Пацюк Владимир Иванович 1941 г. р. Сын погибшего. Пацюк Валентина Ивановна 1935 г. р. — дочь погибшего, Пацюк Мария Антоновна 1884 г. р., мать погибшего, находятся на иждивении жены погибшего Пацюк Матрены Ивановны, проживающей в п. Ивановка.
Гуленко Леонид Пантелеевич 1934 г. р. — сын погибшей, Гуленко Галина Пантелеевна 1937 г. р. — дочь погибшей. Их отец находится в Красной Армии. Детей в настоящее время воспитывает опекунша Петрушина Ефросинья Моисеевна, проживающая на заводе № 59.
Просить бюро обкома ходатайствовать перед штабом партизанского движения о выплате денег членам партизанского отряда за время нахождения их в партизанском отряде.
Утвердить боевые характеристики.
Секретарь райкома КП(б) Украины П. Бутенко.
Партархив Луганского обкома КП Украины
ф 179, оп. 3 ОВ, д. 15. лл. 6 – 8 Копия.



Память Матери
Олейникова Анна Яковлевна:
— Мне уже 94 года, но я до сих пор не могу без содрогания вспоминать ужасные дни, страдания и унижения, которым подверглась как мать партизан.
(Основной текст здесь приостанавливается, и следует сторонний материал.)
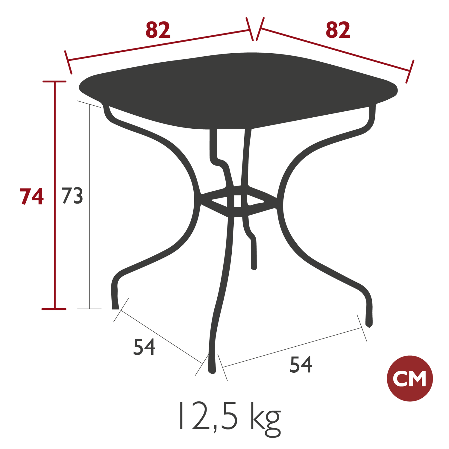 Dimensions: length 82cm, width 82cm, height 74cm, tabletop underside height 73cm.
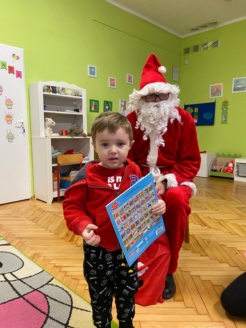 6 grudnia obchodziliśmy w naszym przedszkolu mikołajki, z tej okazji wzięliśmy udział w audycji muzycznej pt. „Świąteczne bajanie i kolęd śpiewanie” podczas, której wysłuchaliśmy kolęd z różnych krajów. Po skończonej audycji czekała na nas niespodzianka w sali - Święty Mikołaj z workiem prezentów.
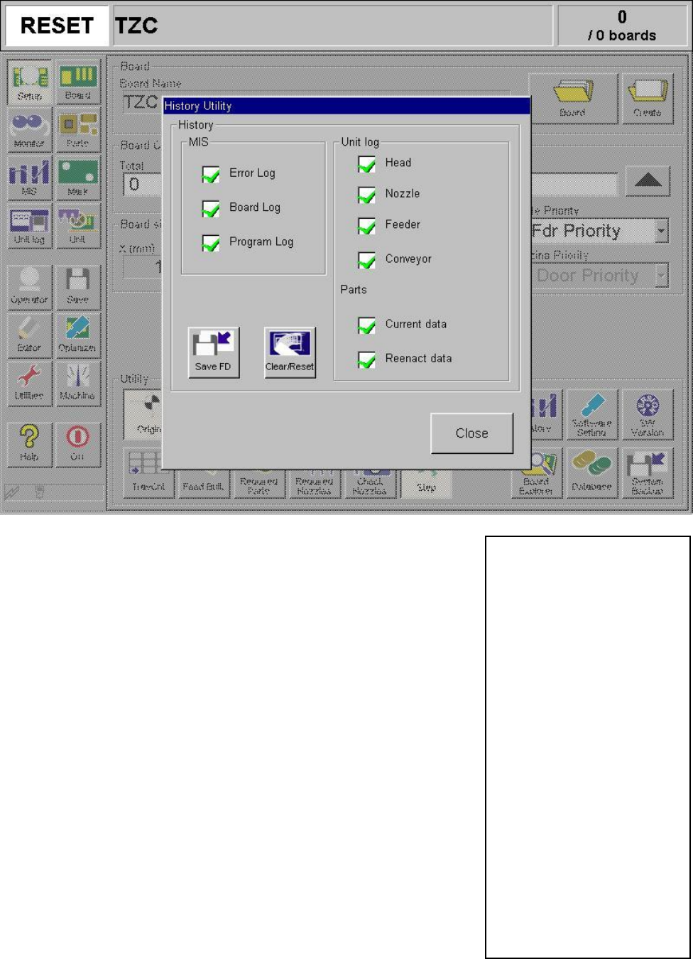 1. History Utility 歷史資料的儲存運用 2. MIS 資料管理 區 A : Error Log 錯誤記錄 B : Board Log 基板記錄 C : Pr ogram Log 檔案記錄 3. Unit Log 組件記錄區 A : Head 組件動作 記錄 B : Nozzle 組件動作 記錄 C : Feeder 組件動作記錄 D : Conveyor 組件動作 記錄 備註欄:

Двое моих детей — Николай и Варвара являлись членами Ивановского партизанского отряда. Я им помогала, как могла. Об этом в хуторе Мышаровка никто не знал. Но когда в октябре 1942 г. в балке Пасечной погиб партизанский отряд, тело моего сына привезли в Ивановку для опознания. Тогда узнали все.
Староста хутора Мышаровка Таран пришел к нам, вывел меня на улицу и хотел расстрелять. Младший сын Вася с криком бросился ко мне, обнял за ноги и стал умолять Тарана, чтобы он не убивал маму.
Таран погнал меня и Васю в Петровеньки. Там запер нас в конюшне. Двое суток мы были без воды и еды. Мы мерзли, так как староста не позволил нам дома одеться. На третьи сутки перегнали нас в лагерь в Петровское.
***
Узников лагеря по ночам гоняли к Мышаровке рыть противотанковый ров. Вася очень уставал. Однажды он уснул прямо на месте работы. На него наткнулся немец. Избил ногами и хотел застрелить. Мы с ним работали на приличном расстоянии, и я не знала о происходящем. Спасибо, прибежала знакомая женщина, сказала.
Я успела. Упросила солдата не стрелять. Забрала сына. В ту же ночь спрятались в траншее. Перед рассветом рабочих увели, а мы побежали в поселок Городище. Не повезло. По дороге нас увидели две любовницы начальника Штеровской полиции. Они сообщили ему, где мы находимся, а он доложил кому следует. Васе удалось убежать и спрятаться, а меня арестовали и пешком погнали в г. Бердичев.
Там в тюрьме находилась 9 месяцев. В камере было много людей. Кормили баландой. На допросах били. Несколько раз выводили на расстрел. Требовали рассказать о партизанах. Но я ничего не знала и ничего не говорила.
Потом из камер стали выводить по 7 человек. Пришла и моя очередь. Подвели к воротам тюрьмы. Там сидел немец высокого чина. Нас заставили поцеловать ему руки. Вывели за ворота. Там было много людей. Наверное, родственники узников. Мы слились с ними, а потом спрятались в балке.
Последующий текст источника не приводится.